I moved stuff into the barn yesterday and Keon and his crew will be here soon enough to start the construction.
You’ll go to a corporate apartment until it’s done. Right?”
“Uh, I haven’t totally decided on that. Grace, I’m not a mind-reader but it seems like you’re upset about what happened over dinner.”
“I’m not upset with you,” I answered. “I’m not anything with you. I’m going to make the cake now and I’ll probably see you tomorrow at my sister Juliet’s house. If you’re still coming.”
“Am I not invited to dinner?” He seemed very surprised. “I thought we had a little argument, not that we weren’t going to be friends anymore.”
“Ok,” I agreed. “That’s fine, then.” I felt extremely relieved and the urge to hug him grew. “I’ll go make the cake and I’ll see you tomorrow.”
“I was thinking that I would like to come and learn how to make that, too,” he suggested. “Would Granger mind if I was there?”
No. My sister Addie had specifically mentioned that she and her husband had both liked Theo a lot when they’d met him on Thanksgiving. “He would probably be ok with that. I could ask him to make sure.”
“That’s a good idea.” He still stood in my bedroom door. “Would you mind if I was there?”
“No. I would like it almost more than anything else,” I said. “But I really don’t like it when people are upset with me, and that’s why I don’t tell them things. Nicola has no idea about a lot of stuff that goes on.”
“You’re an adult and you’re living on your own. She doesn’t need to know everything, does she?”
“She thinks that she does. She probably does need to,” I admitted.
“My dad used to say that if there was a poor choice to be made, I would hunt it down so I could choose it. I don’t always know whether I’m doing something dumb or not.
That job was dumb, because some people really wouldn’t care and it wouldn’t bother them, but it does bother me.
It makes me feel small and humiliated. Maybe it didn’t at first but now it does and I don’t want to do it anymore, and I acted mad at you because I was sorry that I told you, because now you’ll think of me as that woman who’s small and humiliated. ”
“No, I don’t. I remembered you saying that you didn’t like that job, though. I don’t want you to do it anymore either.”
I nodded. But what was next, then?
“We don’t have to talk about it now, but it would be a good idea to eat breakfast. I make great scrambled eggs,” Theo told me.
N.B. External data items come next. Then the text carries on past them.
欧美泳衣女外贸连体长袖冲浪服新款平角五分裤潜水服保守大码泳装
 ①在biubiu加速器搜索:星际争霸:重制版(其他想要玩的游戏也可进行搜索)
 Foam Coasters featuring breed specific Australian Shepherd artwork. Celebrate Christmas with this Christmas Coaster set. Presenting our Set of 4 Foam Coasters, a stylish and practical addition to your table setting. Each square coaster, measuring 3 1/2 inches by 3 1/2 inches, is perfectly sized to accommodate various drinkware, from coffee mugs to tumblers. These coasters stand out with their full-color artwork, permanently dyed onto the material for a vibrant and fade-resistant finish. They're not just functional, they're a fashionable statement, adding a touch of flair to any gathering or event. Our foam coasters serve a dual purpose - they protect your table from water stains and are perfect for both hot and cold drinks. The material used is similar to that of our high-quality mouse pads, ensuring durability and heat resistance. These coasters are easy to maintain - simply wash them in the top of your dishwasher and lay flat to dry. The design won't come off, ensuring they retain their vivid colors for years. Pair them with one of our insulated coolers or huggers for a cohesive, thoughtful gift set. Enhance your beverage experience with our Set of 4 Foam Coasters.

“It would be a good idea for you to come with me to make the cake, because you perform surgeries so I bet you’re really good with knives and that may come in handy.”
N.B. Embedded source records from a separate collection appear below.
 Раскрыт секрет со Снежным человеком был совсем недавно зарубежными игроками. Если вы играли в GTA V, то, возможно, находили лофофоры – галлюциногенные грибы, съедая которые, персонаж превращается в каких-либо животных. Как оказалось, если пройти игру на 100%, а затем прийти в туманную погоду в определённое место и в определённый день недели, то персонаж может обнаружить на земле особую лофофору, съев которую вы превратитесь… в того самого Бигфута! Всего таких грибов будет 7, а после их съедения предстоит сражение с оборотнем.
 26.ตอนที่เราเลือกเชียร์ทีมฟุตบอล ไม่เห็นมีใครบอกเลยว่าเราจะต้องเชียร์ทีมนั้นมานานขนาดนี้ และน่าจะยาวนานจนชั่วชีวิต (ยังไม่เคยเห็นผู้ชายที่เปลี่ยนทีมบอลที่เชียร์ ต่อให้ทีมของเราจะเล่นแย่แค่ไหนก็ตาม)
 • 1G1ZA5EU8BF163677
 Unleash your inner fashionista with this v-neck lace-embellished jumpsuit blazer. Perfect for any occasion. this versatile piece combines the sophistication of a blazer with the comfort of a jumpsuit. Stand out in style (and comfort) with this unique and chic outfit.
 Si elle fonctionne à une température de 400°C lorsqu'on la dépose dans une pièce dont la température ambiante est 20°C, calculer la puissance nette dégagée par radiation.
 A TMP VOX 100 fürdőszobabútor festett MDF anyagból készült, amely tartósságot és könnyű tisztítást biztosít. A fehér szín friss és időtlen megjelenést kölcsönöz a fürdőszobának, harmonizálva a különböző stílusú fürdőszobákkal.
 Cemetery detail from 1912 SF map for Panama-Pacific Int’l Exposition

“I’m not bad,” he agreed. “It would also be a good idea for you to spend another night here, if you want. I’d like to talk more about the cabin and what’s going to happen to it during the construction process.” He held out his hand. “Can I see those mushrooms?”
When he gave them back, his fingers took mine.
We went to have breakfast and then to bake the cake, and then off into a future that wasn’t entirely clear to me.
It never really had been, but now that was making me nervous.
The uncertainty made me feel like rubbing my jaws even though mine didn’t actually hurt, but I held Theo’s hand instead.